Keystone is restarting due to stale primary key

Bug #1895723 reported by Tomas Stodulka
32
This bug affects 7 people
Affects Status Importance Assigned to Milestone
OpenStack Identity (keystone)
Invalid
Undecided
Unassigned
kolla-ansible
Fix Released
High
Mark Goddard
Train
Fix Released
High
Radosław Piliszek
Ussuri
Fix Released
High
Radosław Piliszek
Victoria
Fix Released
High
Mark Goddard

Bug Description

After restart of keystone's container, it keeps restarting. I found only this error in docker logs keystone:
Running command: '/usr/bin/keystone-startup.sh -DFOREGROUND'
+ exec /usr/bin/keystone-startup.sh -DFOREGROUND
+ set -o errexit
+ set -o pipefail
+ TOKEN_DIR=/etc/keystone/fernet-keys
+ n=0
+ '[' '!' -f /etc/keystone/fernet-keys/0 ']'
++ ls -1 /etc/keystone/fernet-keys
++ sort -hr
++ head -n 1
+ TOKEN_PRIMARY=5
++ date +%s
++ date +%s -r /etc/keystone/fernet-keys/5
+ TOKEN_AGE=589164
+ '[' 589164 -gt 86400 ']'
+ echo 'ERROR: Primary token 5 is stale.'
+ exit 1

Workaround is change expiration from 86400 to 864000 in /etc/kolla/keystone/keystone-startup.sh:

# Compare if it's older than fernet_token_expiry and run key rotation if needed
if [ "${TOKEN_AGE}" -gt "864000" ]; then
    echo "ERROR: Primary token ${TOKEN_PRIMARY} is stale."
    exit 1
fi

Regarding the comment in code, It should also run rotation of primary key. But this part is missing, it only throws an exception as mentioned. Or I would like to ask, why the primary key wasn't rotated automatically when it was needed.
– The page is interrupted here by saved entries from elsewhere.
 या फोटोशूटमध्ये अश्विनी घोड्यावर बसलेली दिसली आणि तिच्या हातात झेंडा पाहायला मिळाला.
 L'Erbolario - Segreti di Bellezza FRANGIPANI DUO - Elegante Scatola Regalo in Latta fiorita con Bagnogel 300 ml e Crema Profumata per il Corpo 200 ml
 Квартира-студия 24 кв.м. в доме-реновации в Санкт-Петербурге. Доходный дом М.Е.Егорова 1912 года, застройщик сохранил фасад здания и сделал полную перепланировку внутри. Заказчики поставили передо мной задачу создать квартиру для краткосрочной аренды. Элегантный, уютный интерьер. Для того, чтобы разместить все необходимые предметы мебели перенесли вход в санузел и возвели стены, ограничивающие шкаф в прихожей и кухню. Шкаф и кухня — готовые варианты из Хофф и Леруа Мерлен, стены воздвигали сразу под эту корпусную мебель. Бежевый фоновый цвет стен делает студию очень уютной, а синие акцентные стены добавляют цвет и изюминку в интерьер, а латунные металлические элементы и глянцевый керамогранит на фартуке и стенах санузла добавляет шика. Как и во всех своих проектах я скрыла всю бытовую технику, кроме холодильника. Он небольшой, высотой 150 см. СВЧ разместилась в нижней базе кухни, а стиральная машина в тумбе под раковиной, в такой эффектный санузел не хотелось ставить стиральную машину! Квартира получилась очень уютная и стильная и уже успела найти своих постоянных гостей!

I am using 2 weeks old deployment of Ussuri, deployd by kolla-ansible on CentOS8.

Revision history for this message
Tomas Stodulka (xstodu07) wrote :
Revision history for this message
Radosław Piliszek (yoctozepto) wrote :

I believe it was fixed already but let Michał see.

Changed in keystone:
status: New → Invalid
Changed in kolla-ansible:
assignee: nobody → Michal Nasiadka (mnasiadka)
importance: Undecided → High
Revision history for this message
Tomas Stodulka (xstodu07) wrote :

Ok, thank you. :)

Revision history for this message
Michal Nasiadka (mnasiadka) wrote :

Well, I would first like to understand, how can we end up with stale token with crontab set for every third day with default retention period.

Tomas - can you share /etc/kolla/keystone-fernet/crontab?
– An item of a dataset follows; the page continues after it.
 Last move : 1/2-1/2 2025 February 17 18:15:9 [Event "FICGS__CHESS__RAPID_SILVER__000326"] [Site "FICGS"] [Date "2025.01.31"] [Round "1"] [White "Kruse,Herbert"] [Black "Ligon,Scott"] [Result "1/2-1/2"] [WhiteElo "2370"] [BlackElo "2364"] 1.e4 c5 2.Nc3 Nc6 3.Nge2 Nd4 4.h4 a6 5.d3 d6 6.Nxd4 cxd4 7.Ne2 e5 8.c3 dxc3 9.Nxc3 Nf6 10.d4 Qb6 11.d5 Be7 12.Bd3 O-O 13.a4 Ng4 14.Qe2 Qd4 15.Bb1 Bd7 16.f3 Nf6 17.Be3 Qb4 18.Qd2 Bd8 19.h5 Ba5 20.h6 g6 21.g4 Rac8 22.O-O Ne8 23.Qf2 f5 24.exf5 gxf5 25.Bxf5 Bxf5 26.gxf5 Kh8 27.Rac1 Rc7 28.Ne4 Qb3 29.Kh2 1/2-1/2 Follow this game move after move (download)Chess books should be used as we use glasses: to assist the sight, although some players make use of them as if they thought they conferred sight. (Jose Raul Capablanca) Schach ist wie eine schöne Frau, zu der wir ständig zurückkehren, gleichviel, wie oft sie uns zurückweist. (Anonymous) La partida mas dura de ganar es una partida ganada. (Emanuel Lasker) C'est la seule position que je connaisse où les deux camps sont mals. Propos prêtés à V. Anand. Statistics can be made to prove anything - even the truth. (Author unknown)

Was it only restart of keystone, or did you shut it down for like a week?

Revision history for this message
Tomas Stodulka (xstodu07) wrote :

Sure, here it is:
# cat /etc/kolla/keystone-fernet/crontab
PATH=/var/lib/kolla/venv/bin:/usr/bin:/bin

0 0 * * 0 /usr/bin/fernet-rotate.sh
0 0 * * 3 /usr/bin/fernet-rotate.sh

It was only restart of keystone container, when I wanted to apply changes in ../kolla/keystone/keystone.conf (corn.allowed_origin), but it had nothing to do with the problem, I also revert the change back.

Revision history for this message
Tomas Stodulka (xstodu07) wrote :

And in Kibana I havn't had any errors or warnings, regarding this issue for last 2 weeks (only some warnings due to gnocchi on controller).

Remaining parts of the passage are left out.